I really, really, really don’t understand.
Meanwhile, you can buy this cute, classy environmentally-friendly diaper bag on Amazon that has a five-star rating for $25:
Is that Gucci bag better quality than the cheaper one? Undoubtedly. Is it twice or even three times the quality? Perhaps. Is it 66 times better quality? Hell no. Is it 66 times better looking? Nope.
Unless it can change a kid’s diaper for you, there’s no way any diaper bag is worth $1,690.
I mean, yeah, it’s got the “Italian craftsmanship.” Whoop-dee-doo. Folks in Italy may make some nice things, but they are not freaking miracle workers. There’s no way they are that much more talented at gluing and sewing together a nylon-lined canvas bag than anyone else. This must be some hubris leftover from when Rome ruled the world ages ago. That’s all I can figure.
What you’re paying for is the brand name. That’s the case with the effing Tiffany tin cans as well as the Vehement sock boots.
And would you look at this, please? Just look at it.
That is not a “sheer overlay dress.” That is a dry cleaning bag. And it costs $895.
Oh, sorry, it is a sheer overlay dress. And it’s also a dry cleaning bag. And it costs $895.
I can’t decide if someone put way too many resources into this or not nearly enough. But it’s one or the other, and both options are unacceptable to me.
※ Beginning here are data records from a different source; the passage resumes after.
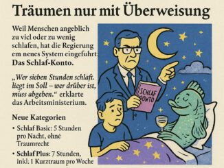 Weil Menschen angeblich zu viel oder zu wenig schlafen, hat die Regierung ein neues System eingeführt: Das Schlaf-Konto.Jede Stunde Schlaf wird erfasst, kontrolliert und notfalls […]
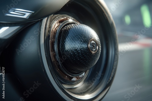 A close-up shot showcasing the intricate carbon fiber design and metallic accents of a futuristic race car wheel, highlighting the advanced engineering and aerodynamic details.
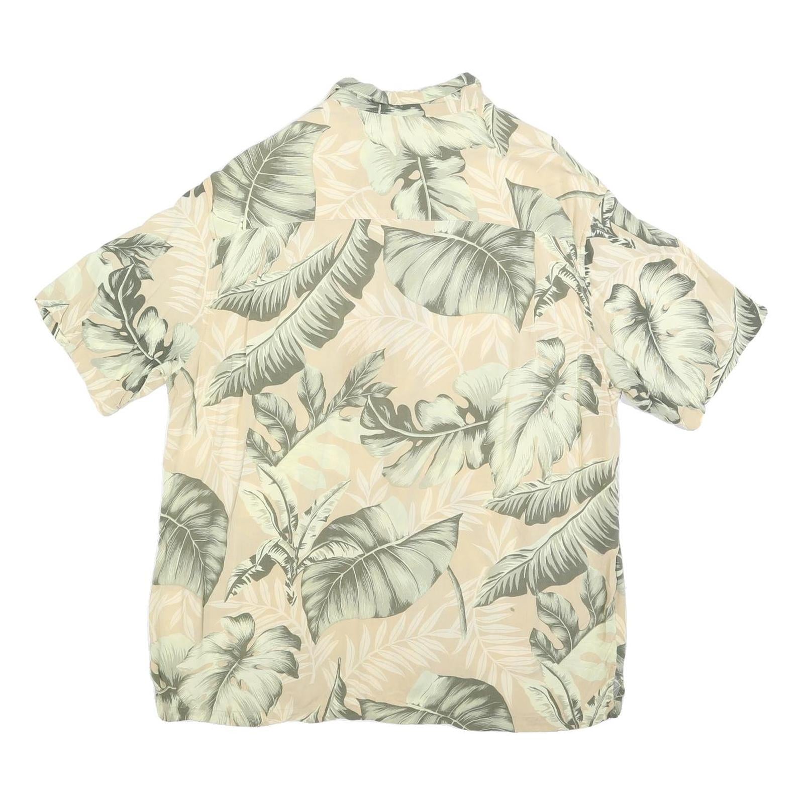PAVANA JACK Mens Beige & Green Rayon XL Tropical Leaf Print Shirt Summer Casual
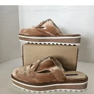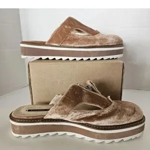 Elegant velvet mules with a platform sole. Perfect for versatile styling.
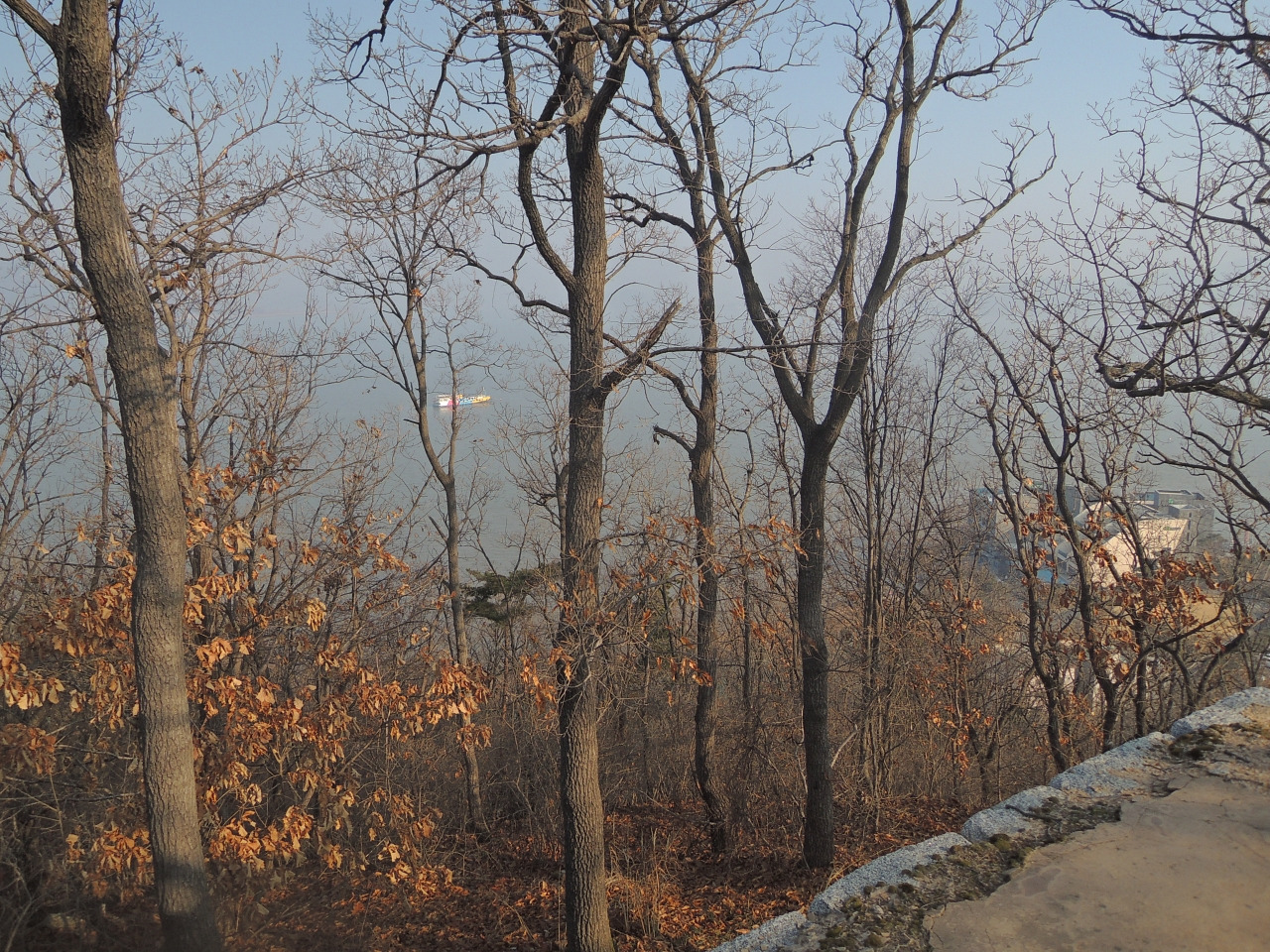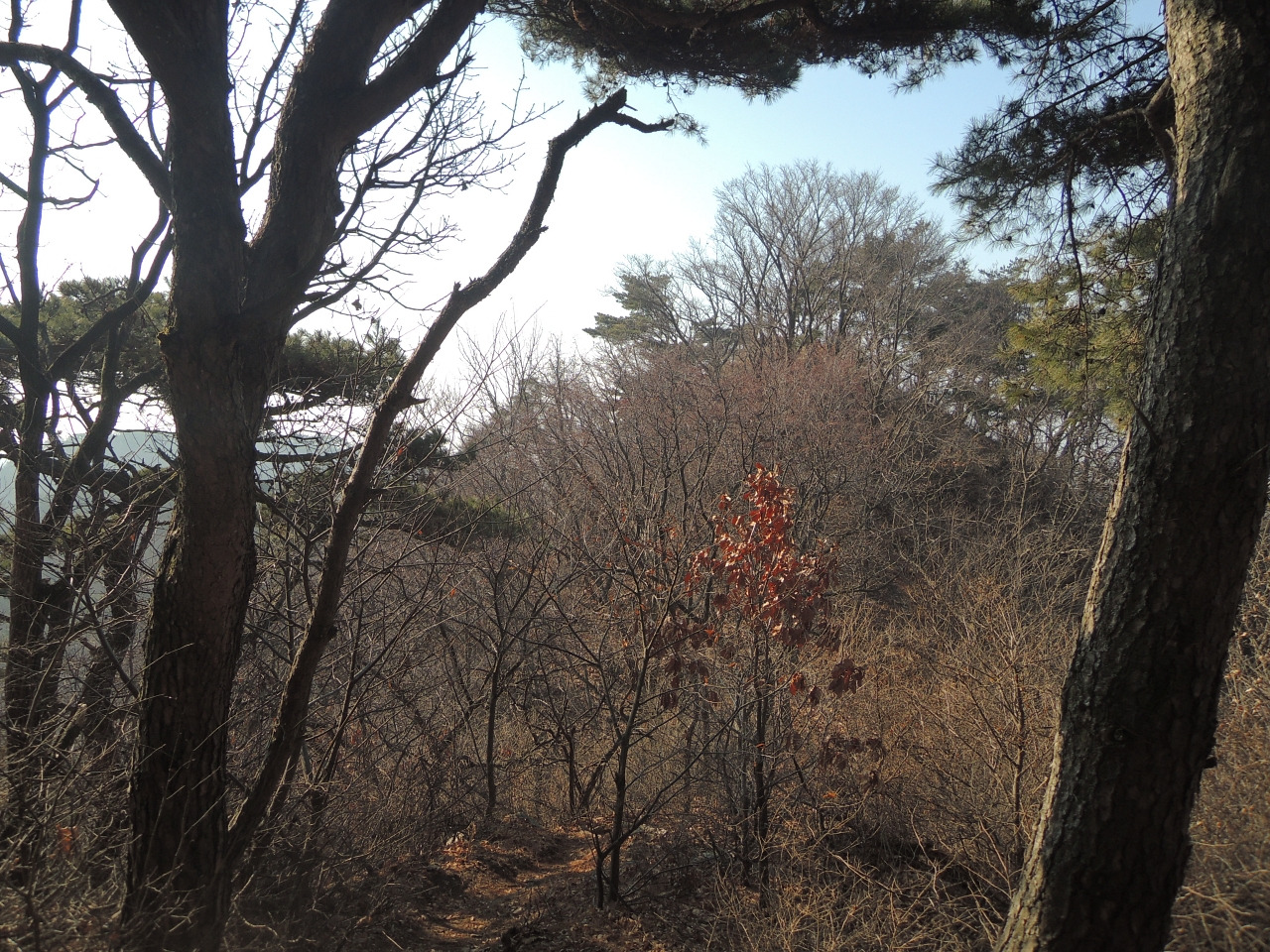 ▲ 등산로 오른쪽으로 바다가 나뭇가지 사이로 보입니다.

In all seriousness, on a planet where millions don’t even have the bare minimum, how are people okay with the absurdity of the prices of high fashion and “luxury” items? In a world where hundreds of millions of people are undernourished, how can you possibly justify to yourself spending that kind of money on something so utterly ridiculous?
Yeah, I’m going there.
If you spend $1,500 on a coffee can, you need to seriously reconsider your relationship with money and with your fellow human beings. No apologies.
Paying obscene amounts of money for things, just to show people that you have obscene amounts of money, is gross. Nobody cares that you have a $250 crazy straw from Tiffany, except people who have really skewed priorities. That kind of materialism is exactly what is wrong with the world.
You have a boatload of money? Good for you. Use it to see the world and expand your horizons and learn something new. Use it to send some kids to school or build a well for a village with no water. Use it to build a hospital or sponsor volunteers or help someone start a business. Use it to make the world a better place in some way.
But for the love of all that is good and holy, stop throwing it away on useless crap that costs dozens or hundreds of times more than it should—stuff that you know you would never spend a dime on if it didn’t have a fancy brand named slapped on it—just because you can.
And yes, the $250 crazy straw is a real thing. Heaven help us all.